Since the copy must hold text only, transcribe the data below exactly and omit the images.
BEGIN Dataset section
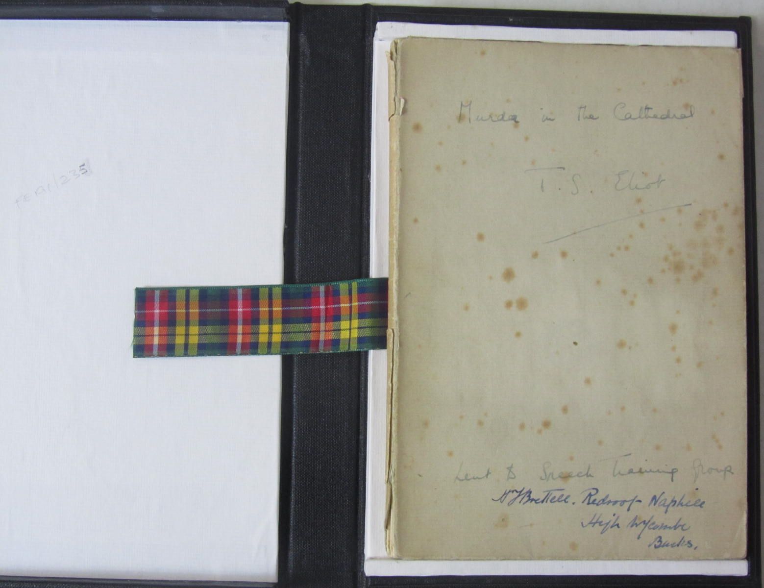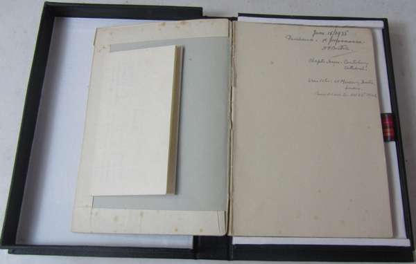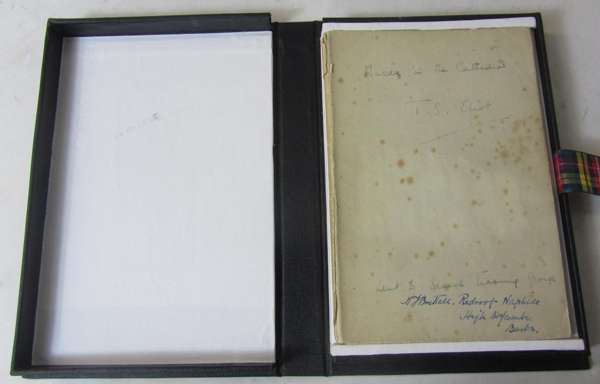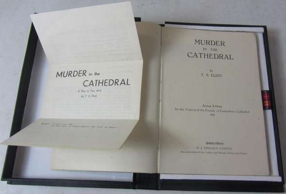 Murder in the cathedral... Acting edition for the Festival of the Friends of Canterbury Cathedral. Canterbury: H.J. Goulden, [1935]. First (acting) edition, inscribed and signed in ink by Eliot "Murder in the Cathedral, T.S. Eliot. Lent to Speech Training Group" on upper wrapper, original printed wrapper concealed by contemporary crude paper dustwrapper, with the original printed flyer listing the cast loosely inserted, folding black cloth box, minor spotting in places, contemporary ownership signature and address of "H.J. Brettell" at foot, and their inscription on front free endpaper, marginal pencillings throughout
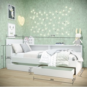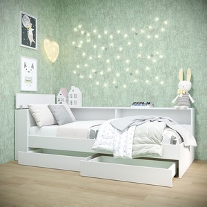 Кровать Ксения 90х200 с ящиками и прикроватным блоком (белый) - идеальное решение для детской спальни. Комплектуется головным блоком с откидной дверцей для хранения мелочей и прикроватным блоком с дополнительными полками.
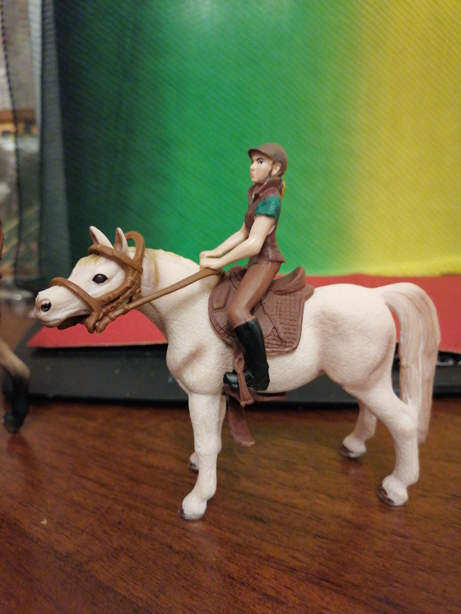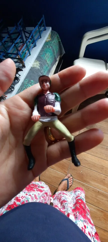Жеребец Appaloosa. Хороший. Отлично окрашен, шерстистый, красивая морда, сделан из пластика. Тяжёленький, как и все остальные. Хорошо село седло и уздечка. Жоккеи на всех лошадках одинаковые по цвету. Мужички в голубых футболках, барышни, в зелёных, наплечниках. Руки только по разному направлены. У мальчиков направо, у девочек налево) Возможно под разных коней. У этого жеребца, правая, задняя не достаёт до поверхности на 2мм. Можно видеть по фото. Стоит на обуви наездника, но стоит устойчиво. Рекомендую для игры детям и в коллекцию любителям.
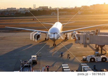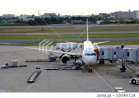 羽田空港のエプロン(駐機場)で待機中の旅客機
END Dataset section
**Task output:**
 Murder in the cathedral... Acting edition for the Festival of the Friends of Canterbury Cathedral. Canterbury: H.J. Goulden, [1935]. First (acting) edition, inscribed and signed in ink by Eliot "Murder in the Cathedral, T.S. Eliot. Lent to Speech Training Group" on upper wrapper, original printed wrapper concealed by contemporary crude paper dustwrapper, with the original printed flyer listing the cast loosely inserted, folding black cloth box, minor spotting in places, contemporary ownership signature and address of "H.J. Brettell" at foot, and their inscription on front free endpaper, marginal pencillings throughout
 Кровать Ксения 90х200 с ящиками и прикроватным блоком (белый) - идеальное решение для детской спальни. Комплектуется головным блоком с откидной дверцей для хранения мелочей и прикроватным блоком с дополнительными полками.
Жеребец Appaloosa. Хороший. Отлично окрашен, шерстистый, красивая морда, сделан из пластика. Тяжёленький, как и все остальные. Хорошо село седло и уздечка. Жоккеи на всех лошадках одинаковые по цвету. Мужички в голубых футболках, барышни, в зелёных, наплечниках. Руки только по разному направлены. У мальчиков направо, у девочек налево) Возможно под разных коней. У этого жеребца, правая, задняя не достаёт до поверхности на 2мм. Можно видеть по фото. Стоит на обуви наездника, но стоит устойчиво. Рекомендую для игры детям и в коллекцию любителям.
 羽田空港のエプロン(駐機場)で待機中の旅客機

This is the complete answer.